Building Skills

The overarching goal driving our efforts to work collaboratively with parents and caregivers is to facilitate the wellbeing of our students. Parents and caregivers can fulfill this function when they are able to support their children through a bullying situation, and reinforce (in various ways and at various levels) the values, vision and attitudes at the root of a safe and inclusive school culture at home and at school.

In order to play this role and contribute to this goal, parents and caregivers need information and training. They need to learn about a wide range of issues and acquire a wide range of skills directly related to ensuring their children’s safety and wellbeing.

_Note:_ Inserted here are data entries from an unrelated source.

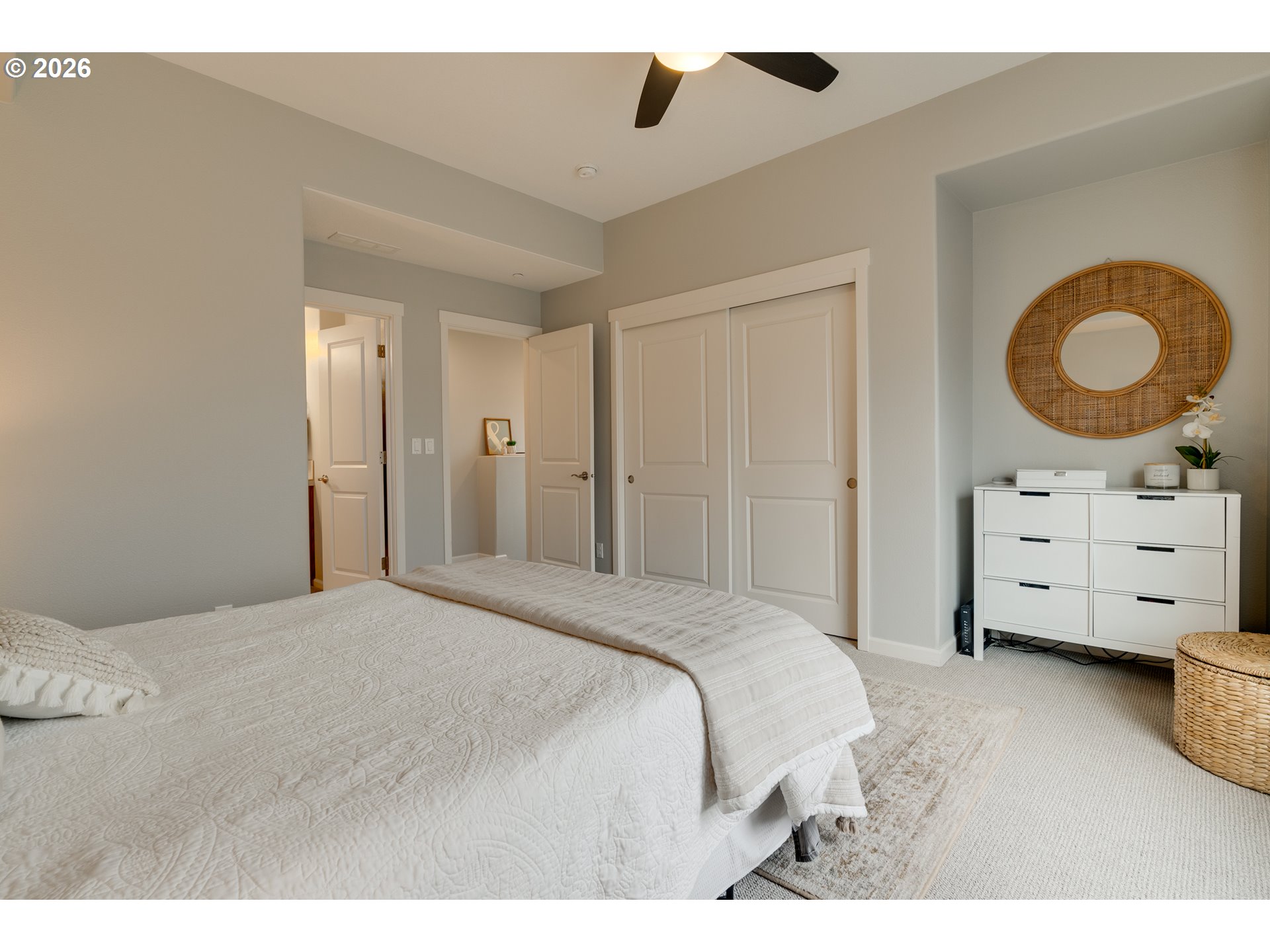 A block away from 25,000 sq. foot of pickleball, swim center, dog parks, playgrounds, retail, and restaurants! Discover the perfect blend of privacy, natural light, and modern upgrades in this stunning end-unit townhome, ideally located by Progress Ridge. Neighborhood amenities include: park, playground, pool, gym, clubhouse. As an end unit, this home offers only one shared wall, providing a quieter and more secluded living experience compared to interior units. Step inside to find an open and inviting floor plan, featuring easy-care engineered wood flooring on the main levels and plush new carpeting in the bedrooms. The living room is a cozy retreat, highlighted by a gas fireplace and flooded with natural light from multiple windows and a sliding glass door. Step outside to your private balcony, perfect for enjoying morning sunrises or evening relaxation, while over looking the fully fenced backyard—ideal for outdoor gatherings or gardening. The kitchen is a chef’s dream, featuring a gas stove, granite countertops, ample cabinet storage, and a spacious 13-foot island with a breakfast bar. The adjacent dining area is perfect for entertaining or can easily serve as a home office or tech center. Upstairs you’ll find a versatile loft, ideal for tech room/ office area and a spacious primary suite complete with a large picture window, a walk-in closet, and an en-suite bathroom. A convenient laundry closet with washer and dryer adds to the home’s functionality. With additional windows, more natural light, and a larger outdoor space, this end-unit townhome offers a bright and airy atmosphere. Enjoy the benefits of increased privacy and potential for higher resale value, all while still relishing the advantages of townhouse living. New construction across the street will be a short walk to retail shops, pickleball/basketball courts, dog parks and more. Don’t miss out—schedule a showing today!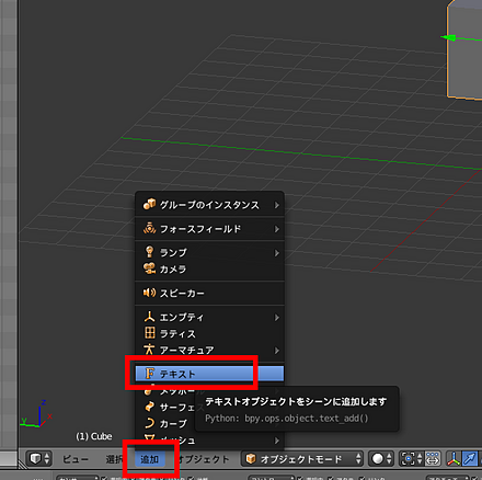 - 立方体(Cube) のオブジェクトと テキスト (Text) のオブジェクトを選ぶ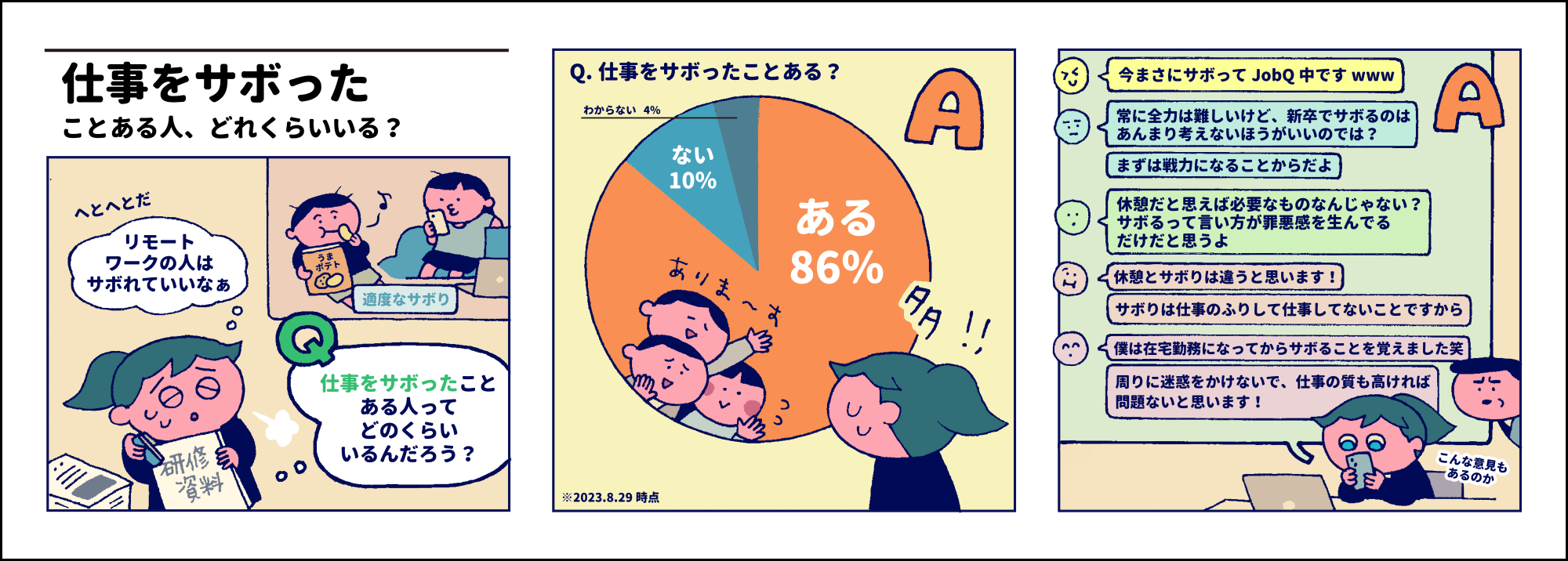 JobQ TownのQ&Aで「サボり」に関する投稿を漫画で紹介しています。

Parents and caregivers need opportunities to learn about their children’s experiences growing up in contemporary society. Social media has transformed young people’s experiences of, and vulnerability to, bullying, adult abuse and exploitation, and the development of their self-esteem. Many parents and guardians are not fully aware of this profound cultural shift. They need help to understand the level of importance of social media the lives of children and teens.

Parents and caregivers also need opportunities to learn about suicide, its link to bullying and inequity, and its prevention. Though many may deny and distance themselves from such issues, given the stigma attached to them, all adults in our school communities need skills and information enabling us to recognize the indicators and prevent suicide. We need to be aware of the additional vulnerability to suicide of marginalized students, such as those who are LGBT and those who are coming out.

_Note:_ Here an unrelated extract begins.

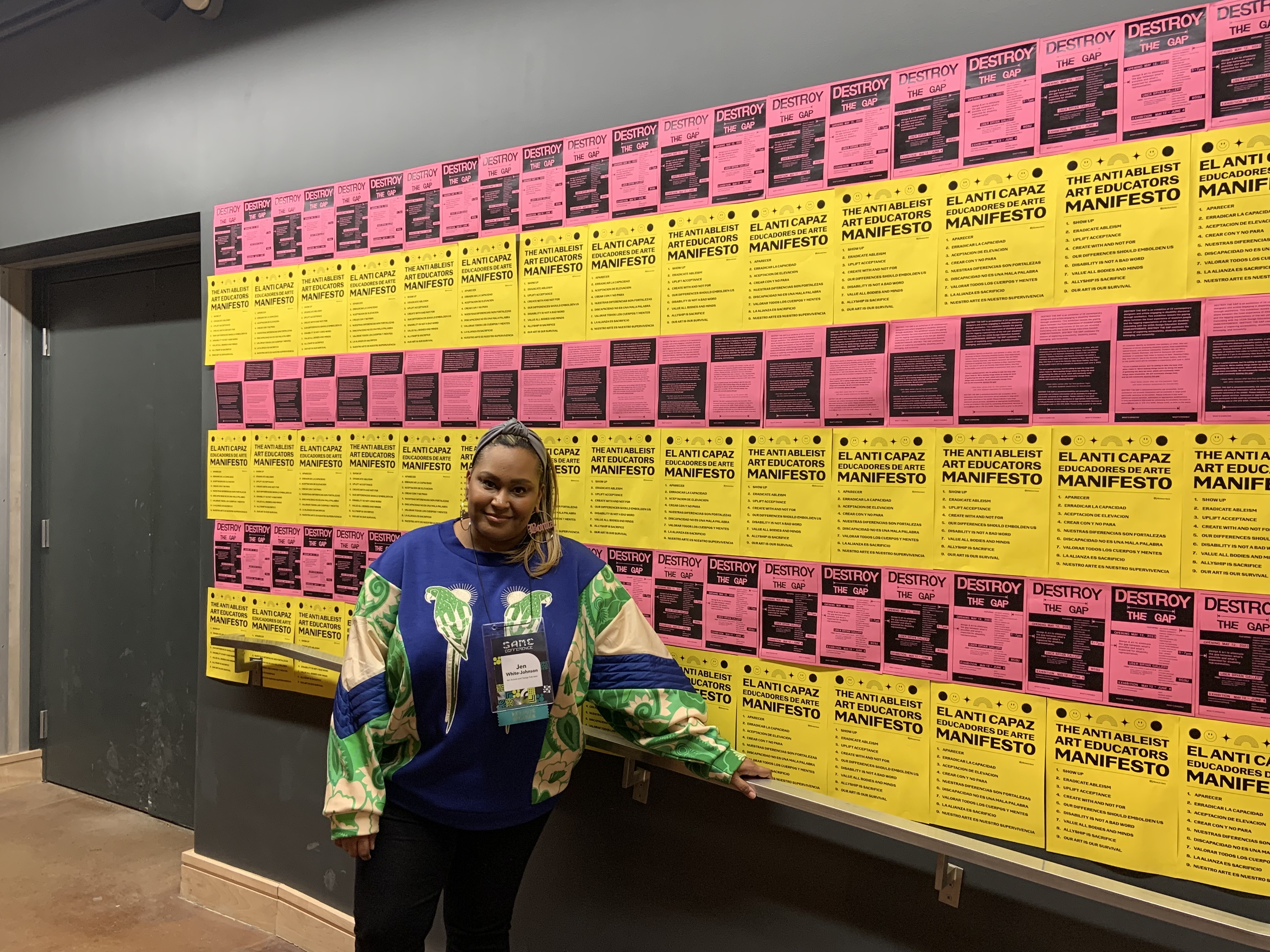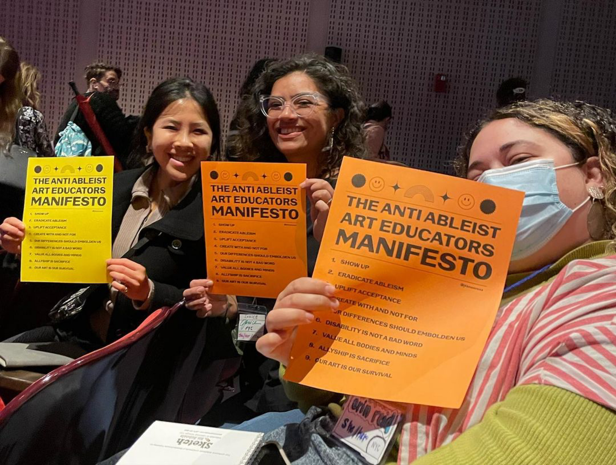 The principles raised in The Anti-Ableist Art Educators Manifesto are meant to call out and dismantle the oppression and demonization brought upon Black and Brown disabled community, specifically students that are fueled by ableism. Anti-Ableism and Collective liberation stems from the understanding that we have struggles that are all deliberately and intimately connected and that working together, through community, allows us to use the labor of love-justice to transform justice. To create more anti-ableist spaces this manifesto asks the community to collectively Show Up, Eradicate Ableism, Uplift Acceptance, Create with and Not For, Allow our Differences to Embolden us, Declare that Disability is not a Bad Word, Value all Disabled Bodies and Minds, Know that Allyship is sacrifice, and Realize that Art is connected to the survival of Black and Brown Disabled communities.

Schools can equip parents and caregivers to collaborate in preventing bullying, inequity and exclusion by providing educational opportunities in areas such as:

  • bullying and inequity: forms, indicators, impact, dynamics;
  • role of witnesses in a bullying dynamic;
  • bullying using technology;
  • definitions of bullying, clarifying: teasing versus bullying, conflict versus bullying;
  • childhood and adolescent development: physical, sexual, emotional;
  • respect for diversity, including sexual, gender-based and ethnocultural diversity;
  • mental health in children and teens;
  • suicide: indicators, causes, prevention.

Parents and caregivers also need opportunities to acquire the skills necessary to support their children through a bullying situation, such as:

  • skills and strategies for supporting their children who are perceived as different in some way, for example students who: are LGBT, have a learning disability, have a physical or intellectual disability;
  • communication skills: asking questions, expressing empathy;
  • empowerment listening;
  • problem-solving;
  • strategies for developing healthy self-esteem in their children;
  • skills and tools to facilitate their children’s empowerment.

Teachers, administrators and all school staff need training and skills as well to help them develop collaborative partnerships with parents and guardians. Supportive training and skill building are needed in areas such as:

  • anti-oppression;
  • empowerment listening and problem-solving;
  • healthy communication;
  • cultural competency (understanding and respecting cultural differences).